We run a sequence of around 80 batch jobs with more than half partitioned with up to 50 partitions. As far as I can tell, the only non-standard thing we do is to disable auto-startup. The gateway is start and stop are managed by step listener. This is fine for the majority of time but we are seeing an occasional failure. I increased the logging and see all messages sent out with the correlationId.

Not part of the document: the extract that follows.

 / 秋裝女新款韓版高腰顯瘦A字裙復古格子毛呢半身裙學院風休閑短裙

The stack trace happens after the remote partitions end (in this case ...about 3 minutes) :
2016-01-19 22:19:01,517 DEBUG [org.springframework.integration.jms.JmsOutboundGateway] (springbatch.partitioned.jms.taskExecutor-38) policy.estimatepayroll.outbound-gateway Sending message with correlationId d1025dfd-3551-4df8-96a7-043364c52e3d_18
2016-01-19 22:21:55,240 WARN [org.springframework.integration.jms.JmsOutboundGateway] (org.springframework.integration.jms.JmsOutboundGateway#0.replyListener-1) Failed to consume reply with correlationId d1025dfd-3551-4df8-96a7-043364c52e3d_18
java.lang.RuntimeException: No sender waiting for reply
at org.springframework.integration.jms.JmsOutboundGateway.onMessage(JmsOutboundGateway.java:945)

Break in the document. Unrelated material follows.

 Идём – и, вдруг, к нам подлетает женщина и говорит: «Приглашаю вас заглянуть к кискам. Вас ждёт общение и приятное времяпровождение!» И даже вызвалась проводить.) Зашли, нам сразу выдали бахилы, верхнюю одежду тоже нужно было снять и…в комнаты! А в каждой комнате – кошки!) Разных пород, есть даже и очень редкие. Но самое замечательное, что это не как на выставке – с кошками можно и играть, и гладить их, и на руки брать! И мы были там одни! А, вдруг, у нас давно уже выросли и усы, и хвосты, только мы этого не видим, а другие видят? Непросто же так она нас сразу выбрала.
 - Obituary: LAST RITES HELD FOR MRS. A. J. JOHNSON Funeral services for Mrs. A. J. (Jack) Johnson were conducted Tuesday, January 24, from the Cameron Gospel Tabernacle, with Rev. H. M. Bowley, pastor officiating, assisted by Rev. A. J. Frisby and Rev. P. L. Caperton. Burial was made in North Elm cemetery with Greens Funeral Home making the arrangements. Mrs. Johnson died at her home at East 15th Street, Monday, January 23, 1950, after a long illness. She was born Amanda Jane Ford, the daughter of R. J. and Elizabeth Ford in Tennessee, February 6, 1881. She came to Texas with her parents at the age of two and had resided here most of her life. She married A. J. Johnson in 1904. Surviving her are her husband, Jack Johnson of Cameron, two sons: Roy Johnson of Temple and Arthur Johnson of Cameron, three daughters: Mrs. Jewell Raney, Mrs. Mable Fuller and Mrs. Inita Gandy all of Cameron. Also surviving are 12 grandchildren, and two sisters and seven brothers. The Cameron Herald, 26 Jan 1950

at org.springframework.jms.listener.AbstractMessageListenerContainer.doInvokeListener(AbstractMessageListenerContainer.java:562)
at org.springframework.jms.listener.AbstractMessageListenerContainer.invokeListener(AbstractMessageListenerContainer.java:500)

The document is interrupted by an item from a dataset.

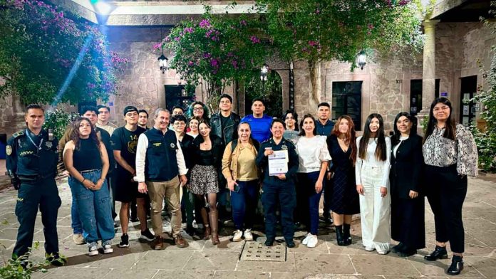 Morelia, Michoacán.- El Comisionado Municipal de Seguridad Ciudadana, Alejandro G. Cussi, en conjunto con oficiales de la Unidad de Policía Orientada a la Solución de Problemas (POP), llevaron a cabo una visita a la Universidad Nova Spania. Durante esta jornada, se sostuvieron charlas con estudiantes de las licenciaturas en Ciencia Política y Derecho, enfocadas en estrategias de prevención del delito y seguridad personal.

at org.springframework.jms.listener.AbstractMessageListenerContainer.doExecuteListener(AbstractMessageListenerContainer.java:468)
at org.springframework.jms.listener.AbstractPollingMessageListenerContainer.doReceiveAndExecute(AbstractPollingMessageListenerContainer.java:326)
at org.springframework.jms.listener.AbstractPollingMessageListenerContainer.receiveAndExecute(AbstractPollingMessageListenerContainer.java:264)
at org.springframework.jms.listener.DefaultMessageListenerContainer$AsyncMessageListenerInvoker.invokeListener(DefaultMessageListenerContainer.java:1069)
at org.springframework.jms.listener.DefaultMessageListenerContainer$AsyncMessageListenerInvoker.executeOngoingLoop(DefaultMessageListenerContainer.java:1061)
at org.springframework.jms.listener.DefaultMessageListenerContainer$AsyncMessageListenerInvoker.run(DefaultMessageListenerContainer.java:958)
at java.lang.Thread.run(Unknown Source)
The problem is that when this happens, the onMessage() method throws a RuntimeException which kills the thread. Subsequent jobs have less threads to use and as a result some partitions execute in series instead of parallel.
I have reviewed the code and can't find how this problem can occur? Could it be because the replies is a HashMap and not thread safe?
Thanks for any help / suggestions.